### WHAT TO PRODUCE
Everything from the first line of the entries through the line containing "前半は、「なぜ音読するのか」" is to be retyped exactly, and nothing beyond it.

*** Opening of MATERIAL SHOWN ***

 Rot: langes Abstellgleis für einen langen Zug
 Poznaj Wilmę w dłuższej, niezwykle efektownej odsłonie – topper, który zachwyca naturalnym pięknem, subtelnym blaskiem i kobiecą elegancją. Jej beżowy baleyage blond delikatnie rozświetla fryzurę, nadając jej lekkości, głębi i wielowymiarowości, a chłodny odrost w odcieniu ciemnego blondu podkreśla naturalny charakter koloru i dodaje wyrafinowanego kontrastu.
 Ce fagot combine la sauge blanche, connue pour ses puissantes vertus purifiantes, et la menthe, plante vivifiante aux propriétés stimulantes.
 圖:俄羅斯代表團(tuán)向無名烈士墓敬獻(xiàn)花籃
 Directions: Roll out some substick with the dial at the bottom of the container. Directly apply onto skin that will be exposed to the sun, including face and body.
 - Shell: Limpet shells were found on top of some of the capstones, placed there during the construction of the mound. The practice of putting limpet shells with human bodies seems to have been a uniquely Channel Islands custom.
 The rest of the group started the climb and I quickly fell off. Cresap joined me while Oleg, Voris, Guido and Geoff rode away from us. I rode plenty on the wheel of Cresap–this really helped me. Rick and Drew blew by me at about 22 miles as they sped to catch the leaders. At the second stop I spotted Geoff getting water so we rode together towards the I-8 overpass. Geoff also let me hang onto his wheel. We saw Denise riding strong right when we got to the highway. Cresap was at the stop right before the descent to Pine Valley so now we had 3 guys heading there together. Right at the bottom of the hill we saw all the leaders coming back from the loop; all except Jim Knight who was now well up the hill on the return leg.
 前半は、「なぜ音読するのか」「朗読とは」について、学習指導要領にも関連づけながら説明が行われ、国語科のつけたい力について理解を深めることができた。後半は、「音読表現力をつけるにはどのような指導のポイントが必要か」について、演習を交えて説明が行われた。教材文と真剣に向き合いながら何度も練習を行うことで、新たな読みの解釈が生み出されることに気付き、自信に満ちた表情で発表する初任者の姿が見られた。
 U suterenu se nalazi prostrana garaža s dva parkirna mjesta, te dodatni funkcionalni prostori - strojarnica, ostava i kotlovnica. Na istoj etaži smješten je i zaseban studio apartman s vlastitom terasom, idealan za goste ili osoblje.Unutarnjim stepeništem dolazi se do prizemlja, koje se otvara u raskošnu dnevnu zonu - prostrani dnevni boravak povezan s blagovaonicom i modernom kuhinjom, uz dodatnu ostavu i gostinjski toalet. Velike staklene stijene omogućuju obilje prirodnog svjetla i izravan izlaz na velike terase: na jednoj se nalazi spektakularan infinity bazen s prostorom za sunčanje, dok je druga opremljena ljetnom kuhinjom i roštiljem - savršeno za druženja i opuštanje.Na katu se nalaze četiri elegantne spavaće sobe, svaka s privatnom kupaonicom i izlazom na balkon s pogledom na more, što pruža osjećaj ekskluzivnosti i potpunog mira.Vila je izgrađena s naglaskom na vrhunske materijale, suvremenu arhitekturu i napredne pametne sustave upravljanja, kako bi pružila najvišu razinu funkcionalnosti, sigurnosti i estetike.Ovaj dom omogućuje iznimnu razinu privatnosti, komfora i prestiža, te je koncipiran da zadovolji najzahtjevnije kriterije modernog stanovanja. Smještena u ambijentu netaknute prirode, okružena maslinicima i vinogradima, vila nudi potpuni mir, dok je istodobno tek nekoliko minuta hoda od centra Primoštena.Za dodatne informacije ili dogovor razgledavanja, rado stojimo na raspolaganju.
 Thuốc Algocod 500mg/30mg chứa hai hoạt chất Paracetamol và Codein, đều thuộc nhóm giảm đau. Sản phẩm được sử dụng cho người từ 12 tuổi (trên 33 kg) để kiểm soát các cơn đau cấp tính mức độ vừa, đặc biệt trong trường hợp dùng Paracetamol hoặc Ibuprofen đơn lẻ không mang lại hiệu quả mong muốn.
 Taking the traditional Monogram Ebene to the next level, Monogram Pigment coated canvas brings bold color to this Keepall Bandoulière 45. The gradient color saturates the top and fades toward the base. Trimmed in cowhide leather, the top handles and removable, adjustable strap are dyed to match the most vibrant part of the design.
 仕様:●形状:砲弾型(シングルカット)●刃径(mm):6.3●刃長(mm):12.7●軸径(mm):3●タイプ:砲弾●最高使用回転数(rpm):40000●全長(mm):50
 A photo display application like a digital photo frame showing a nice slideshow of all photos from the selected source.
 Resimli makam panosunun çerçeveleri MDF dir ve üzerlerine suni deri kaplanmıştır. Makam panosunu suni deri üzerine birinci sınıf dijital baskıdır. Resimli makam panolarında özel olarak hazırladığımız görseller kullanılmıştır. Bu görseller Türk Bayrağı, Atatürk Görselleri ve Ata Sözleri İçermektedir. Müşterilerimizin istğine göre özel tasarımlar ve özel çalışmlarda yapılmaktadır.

*** Close of MATERIAL SHOWN ***

### RESULT
 Rot: langes Abstellgleis für einen langen Zug
 Poznaj Wilmę w dłuższej, niezwykle efektownej odsłonie – topper, który zachwyca naturalnym pięknem, subtelnym blaskiem i kobiecą elegancją. Jej beżowy baleyage blond delikatnie rozświetla fryzurę, nadając jej lekkości, głębi i wielowymiarowości, a chłodny odrost w odcieniu ciemnego blondu podkreśla naturalny charakter koloru i dodaje wyrafinowanego kontrastu.
 Ce fagot combine la sauge blanche, connue pour ses puissantes vertus purifiantes, et la menthe, plante vivifiante aux propriétés stimulantes.
 圖:俄羅斯代表團(tuán)向無名烈士墓敬獻(xiàn)花籃
 Directions: Roll out some substick with the dial at the bottom of the container. Directly apply onto skin that will be exposed to the sun, including face and body.
 - Shell: Limpet shells were found on top of some of the capstones, placed there during the construction of the mound. The practice of putting limpet shells with human bodies seems to have been a uniquely Channel Islands custom.
 The rest of the group started the climb and I quickly fell off. Cresap joined me while Oleg, Voris, Guido and Geoff rode away from us. I rode plenty on the wheel of Cresap–this really helped me. Rick and Drew blew by me at about 22 miles as they sped to catch the leaders. At the second stop I spotted Geoff getting water so we rode together towards the I-8 overpass. Geoff also let me hang onto his wheel. We saw Denise riding strong right when we got to the highway. Cresap was at the stop right before the descent to Pine Valley so now we had 3 guys heading there together. Right at the bottom of the hill we saw all the leaders coming back from the loop; all except Jim Knight who was now well up the hill on the return leg.
 前半は、「なぜ音読するのか」「朗読とは」について、学習指導要領にも関連づけながら説明が行われ、国語科のつけたい力について理解を深めることができた。後半は、「音読表現力をつけるにはどのような指導のポイントが必要か」について、演習を交えて説明が行われた。教材文と真剣に向き合いながら何度も練習を行うことで、新たな読みの解釈が生み出されることに気付き、自信に満ちた表情で発表する初任者の姿が見られた。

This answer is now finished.